With pictures left out, set down exactly the lines from the line containing "งานก่อสร้าง กำแพงกันดิน สูง" through the last line of the data.

>>>>>

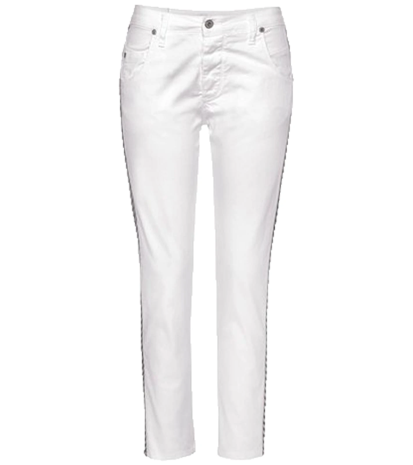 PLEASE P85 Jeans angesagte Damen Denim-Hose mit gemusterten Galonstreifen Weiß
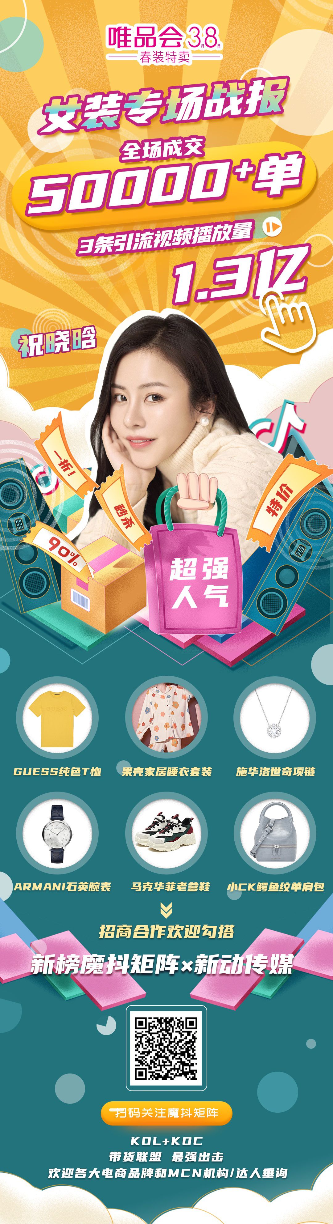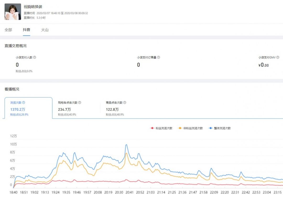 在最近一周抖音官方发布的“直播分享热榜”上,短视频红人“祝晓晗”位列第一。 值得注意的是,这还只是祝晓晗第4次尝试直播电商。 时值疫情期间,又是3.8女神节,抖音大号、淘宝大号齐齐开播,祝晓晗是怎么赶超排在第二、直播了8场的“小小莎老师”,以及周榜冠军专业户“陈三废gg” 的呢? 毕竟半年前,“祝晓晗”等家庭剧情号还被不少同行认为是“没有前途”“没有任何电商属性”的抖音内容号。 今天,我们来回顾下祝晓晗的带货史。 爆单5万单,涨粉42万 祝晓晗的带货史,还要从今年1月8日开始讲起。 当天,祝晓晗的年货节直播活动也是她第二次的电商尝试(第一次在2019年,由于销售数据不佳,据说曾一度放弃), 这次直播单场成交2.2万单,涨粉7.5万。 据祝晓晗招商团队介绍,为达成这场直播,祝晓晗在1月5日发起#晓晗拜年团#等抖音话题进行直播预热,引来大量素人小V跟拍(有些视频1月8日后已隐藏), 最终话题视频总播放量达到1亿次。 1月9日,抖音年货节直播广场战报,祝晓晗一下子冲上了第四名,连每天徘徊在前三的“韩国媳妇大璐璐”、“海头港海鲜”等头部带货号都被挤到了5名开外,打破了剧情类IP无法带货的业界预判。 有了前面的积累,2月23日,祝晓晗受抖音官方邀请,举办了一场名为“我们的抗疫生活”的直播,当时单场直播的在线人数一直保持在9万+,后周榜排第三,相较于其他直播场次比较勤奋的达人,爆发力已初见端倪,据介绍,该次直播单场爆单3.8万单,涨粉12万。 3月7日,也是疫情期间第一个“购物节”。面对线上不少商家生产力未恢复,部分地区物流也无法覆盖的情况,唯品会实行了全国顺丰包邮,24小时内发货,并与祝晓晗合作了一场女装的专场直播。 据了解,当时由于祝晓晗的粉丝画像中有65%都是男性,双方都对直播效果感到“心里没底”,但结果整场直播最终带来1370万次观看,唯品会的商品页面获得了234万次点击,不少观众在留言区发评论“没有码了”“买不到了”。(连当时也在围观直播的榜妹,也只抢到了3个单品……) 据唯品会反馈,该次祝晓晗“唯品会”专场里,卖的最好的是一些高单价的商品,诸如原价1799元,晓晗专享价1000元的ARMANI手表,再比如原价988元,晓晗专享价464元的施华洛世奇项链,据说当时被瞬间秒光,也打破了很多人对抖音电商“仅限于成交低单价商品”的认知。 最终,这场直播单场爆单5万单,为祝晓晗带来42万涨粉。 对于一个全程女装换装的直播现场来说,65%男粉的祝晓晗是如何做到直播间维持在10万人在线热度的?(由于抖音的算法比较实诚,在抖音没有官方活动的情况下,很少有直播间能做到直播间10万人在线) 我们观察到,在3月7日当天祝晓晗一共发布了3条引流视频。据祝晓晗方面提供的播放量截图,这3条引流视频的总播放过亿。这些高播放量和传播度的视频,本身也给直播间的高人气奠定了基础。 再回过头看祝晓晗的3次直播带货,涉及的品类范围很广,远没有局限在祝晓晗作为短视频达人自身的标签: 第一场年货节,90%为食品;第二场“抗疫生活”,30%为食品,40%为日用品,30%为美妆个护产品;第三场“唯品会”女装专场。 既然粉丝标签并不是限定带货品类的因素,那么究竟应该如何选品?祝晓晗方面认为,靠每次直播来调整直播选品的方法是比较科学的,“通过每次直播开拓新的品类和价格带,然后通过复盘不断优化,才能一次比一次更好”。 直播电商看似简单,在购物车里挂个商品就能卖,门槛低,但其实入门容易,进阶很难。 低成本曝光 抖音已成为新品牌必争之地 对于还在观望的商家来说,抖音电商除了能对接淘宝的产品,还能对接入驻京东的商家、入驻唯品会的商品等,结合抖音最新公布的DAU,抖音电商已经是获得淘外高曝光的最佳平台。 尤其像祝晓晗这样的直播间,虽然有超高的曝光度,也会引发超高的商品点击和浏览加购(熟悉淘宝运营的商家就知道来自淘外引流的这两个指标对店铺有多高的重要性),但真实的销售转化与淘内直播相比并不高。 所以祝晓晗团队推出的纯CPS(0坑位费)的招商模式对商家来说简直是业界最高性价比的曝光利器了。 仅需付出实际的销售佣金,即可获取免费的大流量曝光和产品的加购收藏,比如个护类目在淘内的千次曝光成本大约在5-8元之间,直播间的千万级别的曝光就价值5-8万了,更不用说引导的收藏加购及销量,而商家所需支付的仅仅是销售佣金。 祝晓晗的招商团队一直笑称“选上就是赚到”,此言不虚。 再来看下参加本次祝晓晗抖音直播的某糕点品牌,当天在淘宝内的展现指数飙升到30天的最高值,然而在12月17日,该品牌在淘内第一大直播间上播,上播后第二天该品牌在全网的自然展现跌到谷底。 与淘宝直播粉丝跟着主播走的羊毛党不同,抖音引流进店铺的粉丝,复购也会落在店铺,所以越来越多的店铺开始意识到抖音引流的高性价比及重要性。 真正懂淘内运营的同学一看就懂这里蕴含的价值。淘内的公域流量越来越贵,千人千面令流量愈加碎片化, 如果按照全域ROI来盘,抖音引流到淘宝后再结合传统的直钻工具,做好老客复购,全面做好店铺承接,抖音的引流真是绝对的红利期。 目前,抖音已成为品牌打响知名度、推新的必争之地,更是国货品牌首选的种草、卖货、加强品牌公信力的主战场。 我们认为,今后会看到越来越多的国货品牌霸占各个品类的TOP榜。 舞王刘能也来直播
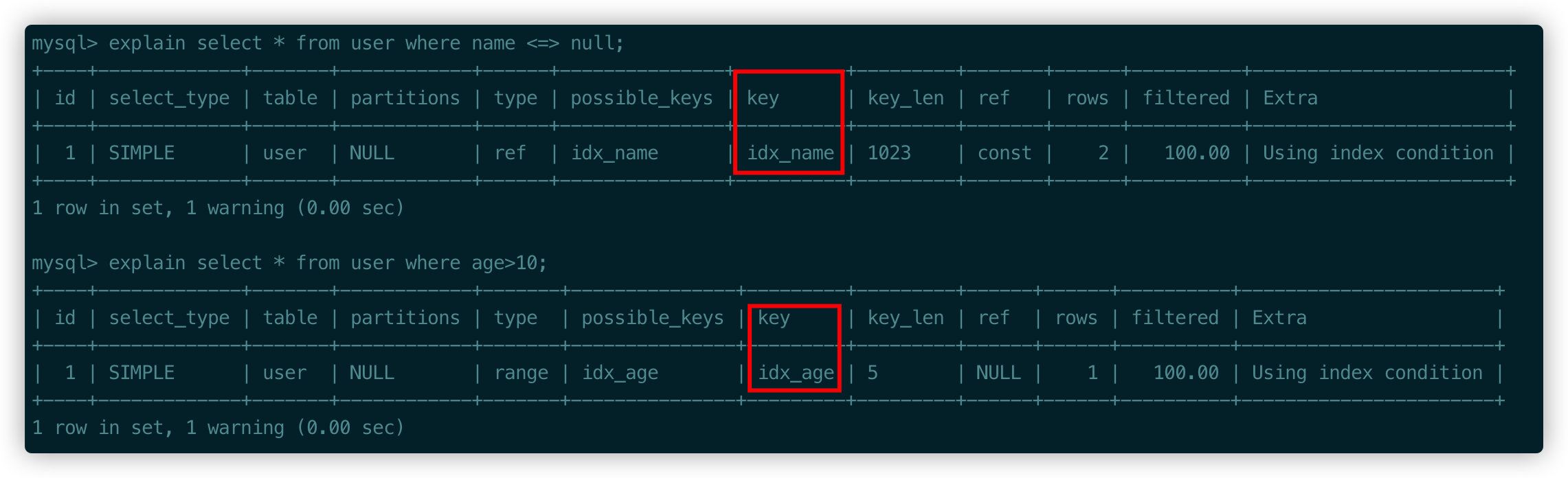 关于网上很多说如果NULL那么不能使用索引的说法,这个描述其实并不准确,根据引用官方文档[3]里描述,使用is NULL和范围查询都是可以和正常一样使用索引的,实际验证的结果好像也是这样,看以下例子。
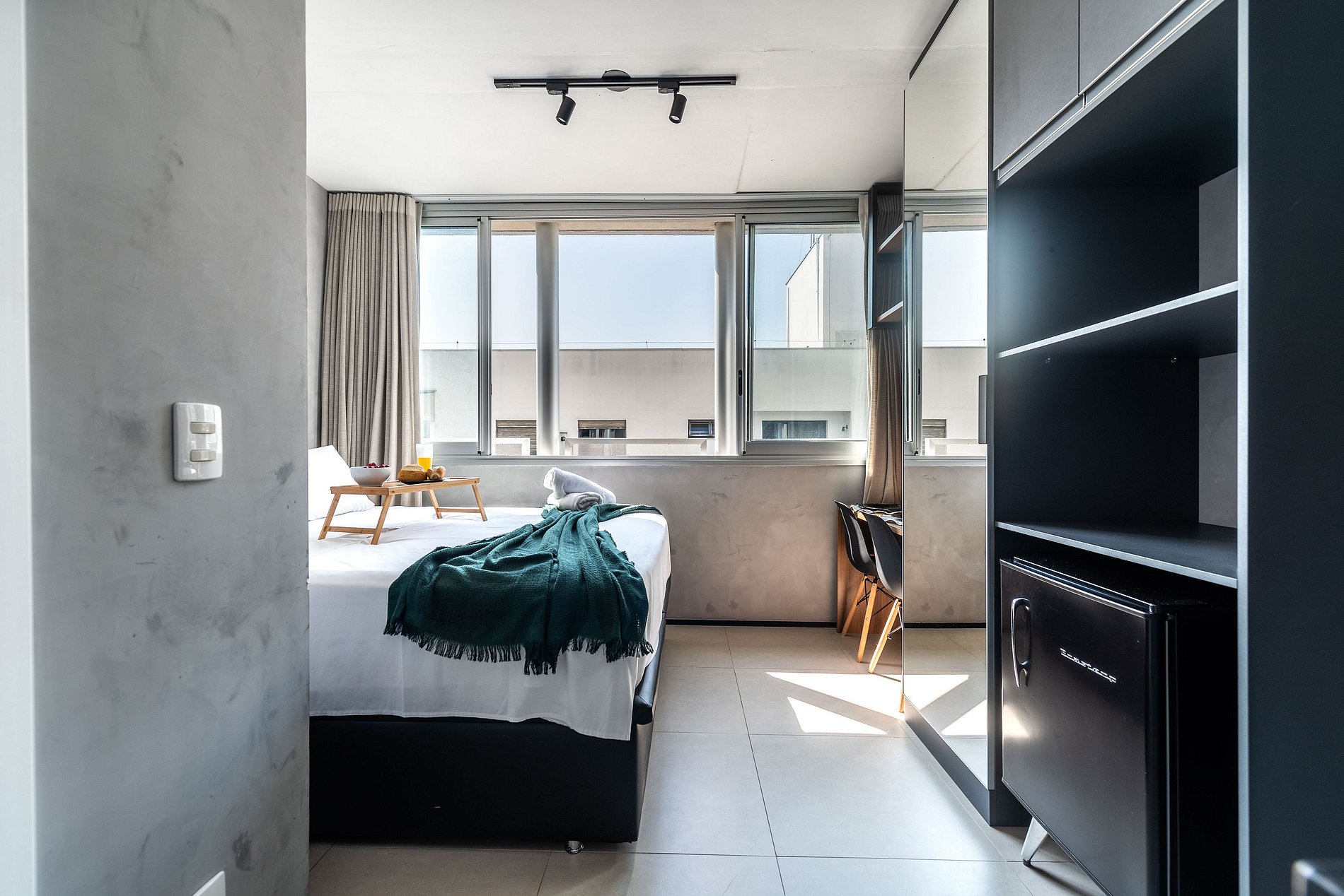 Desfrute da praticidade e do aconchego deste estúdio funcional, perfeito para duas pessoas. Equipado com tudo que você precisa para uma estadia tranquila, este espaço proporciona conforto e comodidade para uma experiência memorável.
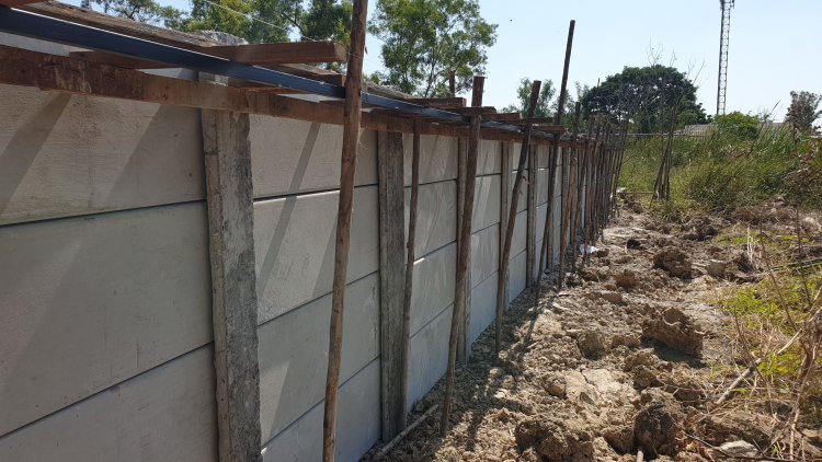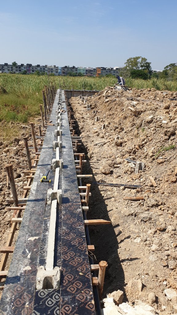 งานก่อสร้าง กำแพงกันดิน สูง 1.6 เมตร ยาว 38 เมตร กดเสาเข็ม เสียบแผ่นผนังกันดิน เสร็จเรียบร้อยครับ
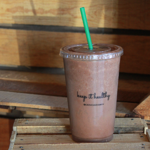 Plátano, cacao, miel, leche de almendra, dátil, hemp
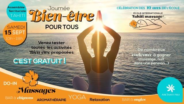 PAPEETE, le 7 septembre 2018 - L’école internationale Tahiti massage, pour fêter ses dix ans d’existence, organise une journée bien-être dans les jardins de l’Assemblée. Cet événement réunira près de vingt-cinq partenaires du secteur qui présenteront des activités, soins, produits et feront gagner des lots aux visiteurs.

<<<<<

-- Solution below --
 งานก่อสร้าง กำแพงกันดิน สูง 1.6 เมตร ยาว 38 เมตร กดเสาเข็ม เสียบแผ่นผนังกันดิน เสร็จเรียบร้อยครับ
 Plátano, cacao, miel, leche de almendra, dátil, hemp
 PAPEETE, le 7 septembre 2018 - L’école internationale Tahiti massage, pour fêter ses dix ans d’existence, organise une journée bien-être dans les jardins de l’Assemblée. Cet événement réunira près de vingt-cinq partenaires du secteur qui présenteront des activités, soins, produits et feront gagner des lots aux visiteurs.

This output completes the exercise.